■ **The input**:
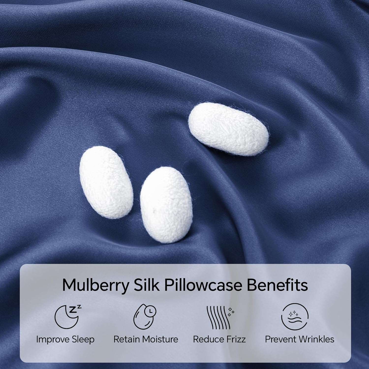 INFIIXSO Mulberry Silk Pillowcase for Hair and Skin, Silk Pillow Cases Queen Size Set of 2 with Hidden Zipper 20x30 Inches, Ultra Smooth and Soft Cooling Pillow Cases for Hot Sleepers(Navy, 2 Pack)
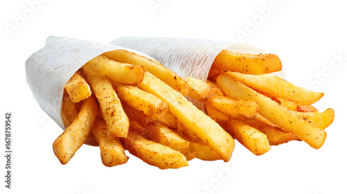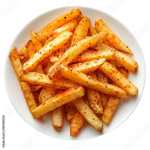 Pile of seasoned potato wedges arranged on a plain white surface view from top
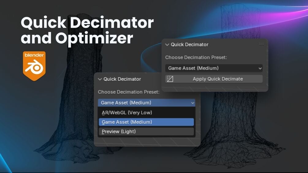 You'll get a one-click Blender addon to instantly decimate meshes using presets for AR, WebGL, and game-ready optimization.
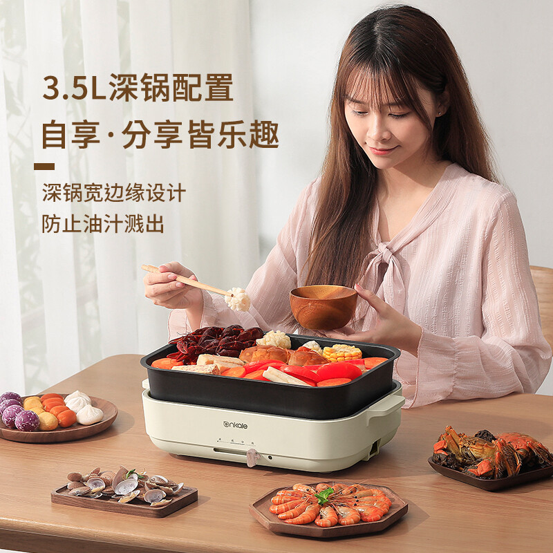 德国ankale 多功能料理锅家用大容量电煮锅烤涮一体电烤锅 米黄色升级款-【煎烤盘+深盘】 多用途电热锅
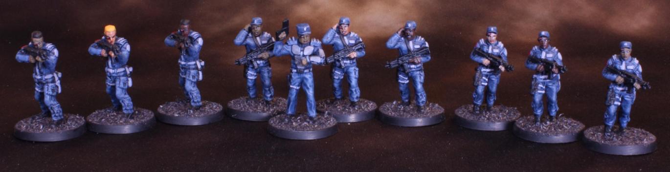The nine Corp Security Guards flanking their villainous boss, Guard Commander Graves.
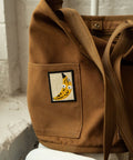 - 2" x 2.5" vintage-inspired felt patch with embroidered detail and merrowed border
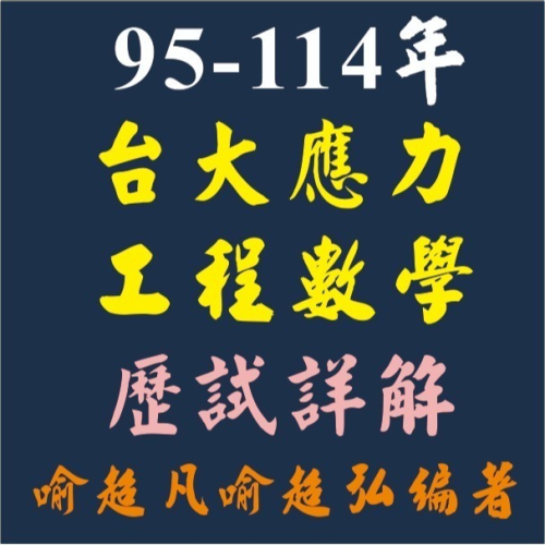** 95-114共20年份的 台大應用力學所工程數學歷試詳解 ,是喻超凡老師將歷年試題彙整 ,內容詳盡完整
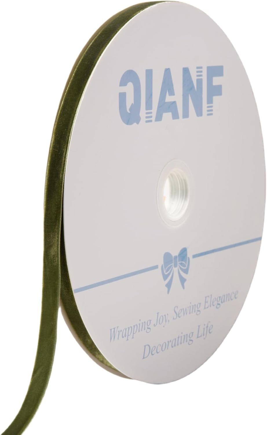 Vintage Moss Green Velvet Ribbon Christmas Ribbon for Gift Wrapping Crafts Christmas Tree Ornaments Garland Decorations, 3/8 Inch X 25Yd
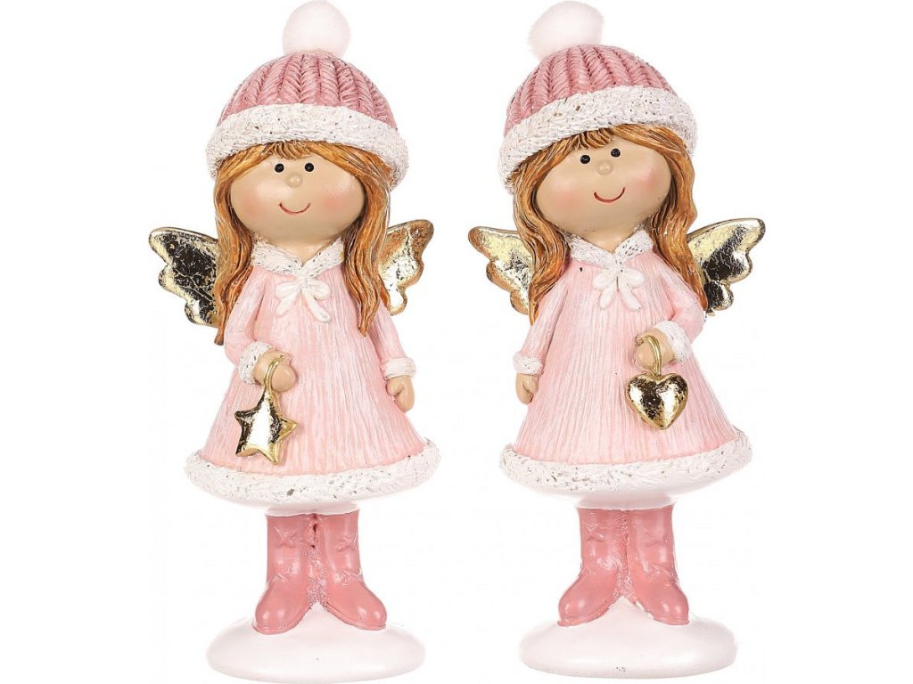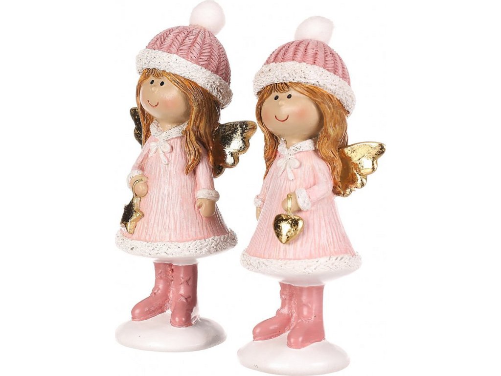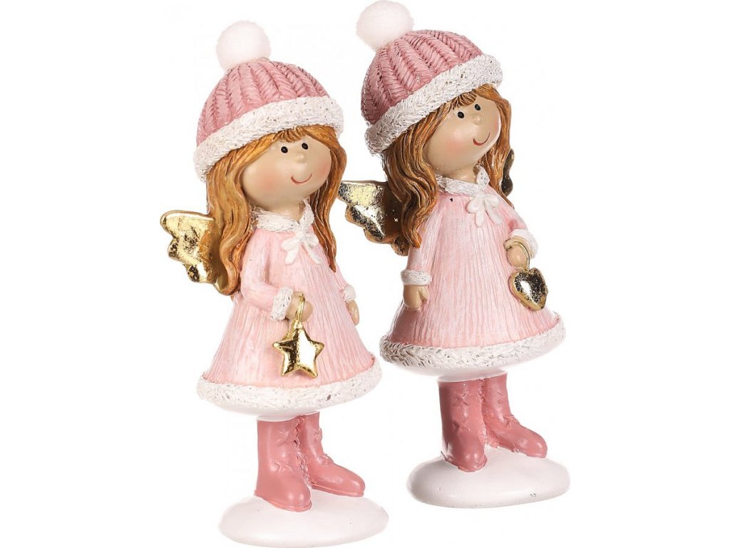 Oživte svůj interiér s našimi polyresinovými figurkami dívek v růžových oblečcích a čepicích. Tyto roztomilé postavičky jsou dokonalým doplňkem vaší vánoční a zimní výzdoby. Mix dvou druhů figur, jedna držící hvězdičku a druhá srdíčko, dává možnost výběru. Oba druhy sošek ve stejném stylu, mají malá roztomilá křidélka, která dodávají do vašeho prostoru nádech nebeské lehkosti.
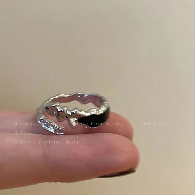 Black Drop Glaze Open Ring Women's Summer Ins Niche High-end Design Finger Ring Fashionable Personalized All-match Ring
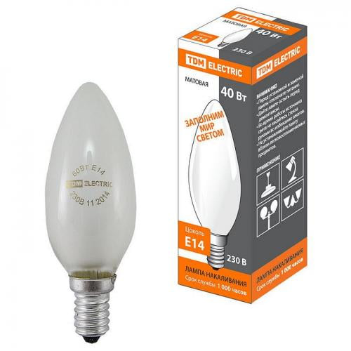 В нашем магазине «Главэлектрика» в Набережных Челнах, вы можете приобрести товар: «TDM 40Вт 230В Е14 матовая свеча» с доставкой по г. Набережные Челны.
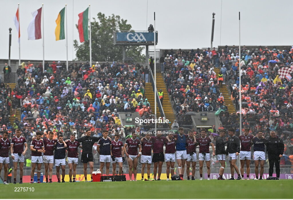 26 June 2022; Galway players during the penalty shoot-out of the GAA Football All-Ireland Senior Championship Quarter-Final match between Armagh and Galway at Croke Park, Dublin. Photo by Piaras Ó Mídheach/Sportsfile

■ **How to complete this task**:
Leave the images out and print each entry exactly.

■ **The answer**:
 INFIIXSO Mulberry Silk Pillowcase for Hair and Skin, Silk Pillow Cases Queen Size Set of 2 with Hidden Zipper 20x30 Inches, Ultra Smooth and Soft Cooling Pillow Cases for Hot Sleepers(Navy, 2 Pack)
 Pile of seasoned potato wedges arranged on a plain white surface view from top
 You'll get a one-click Blender addon to instantly decimate meshes using presets for AR, WebGL, and game-ready optimization.
 德国ankale 多功能料理锅家用大容量电煮锅烤涮一体电烤锅 米黄色升级款-【煎烤盘+深盘】 多用途电热锅
The nine Corp Security Guards flanking their villainous boss, Guard Commander Graves.
 - 2" x 2.5" vintage-inspired felt patch with embroidered detail and merrowed border
** 95-114共20年份的 台大應用力學所工程數學歷試詳解 ,是喻超凡老師將歷年試題彙整 ,內容詳盡完整
 Vintage Moss Green Velvet Ribbon Christmas Ribbon for Gift Wrapping Crafts Christmas Tree Ornaments Garland Decorations, 3/8 Inch X 25Yd
 Oživte svůj interiér s našimi polyresinovými figurkami dívek v růžových oblečcích a čepicích. Tyto roztomilé postavičky jsou dokonalým doplňkem vaší vánoční a zimní výzdoby. Mix dvou druhů figur, jedna držící hvězdičku a druhá srdíčko, dává možnost výběru. Oba druhy sošek ve stejném stylu, mají malá roztomilá křidélka, která dodávají do vašeho prostoru nádech nebeské lehkosti.
 Black Drop Glaze Open Ring Women's Summer Ins Niche High-end Design Finger Ring Fashionable Personalized All-match Ring
 В нашем магазине «Главэлектрика» в Набережных Челнах, вы можете приобрести товар: «TDM 40Вт 230В Е14 матовая свеча» с доставкой по г. Набережные Челны.
 26 June 2022; Galway players during the penalty shoot-out of the GAA Football All-Ireland Senior Championship Quarter-Final match between Armagh and Galway at Croke Park, Dublin. Photo by Piaras Ó Mídheach/Sportsfile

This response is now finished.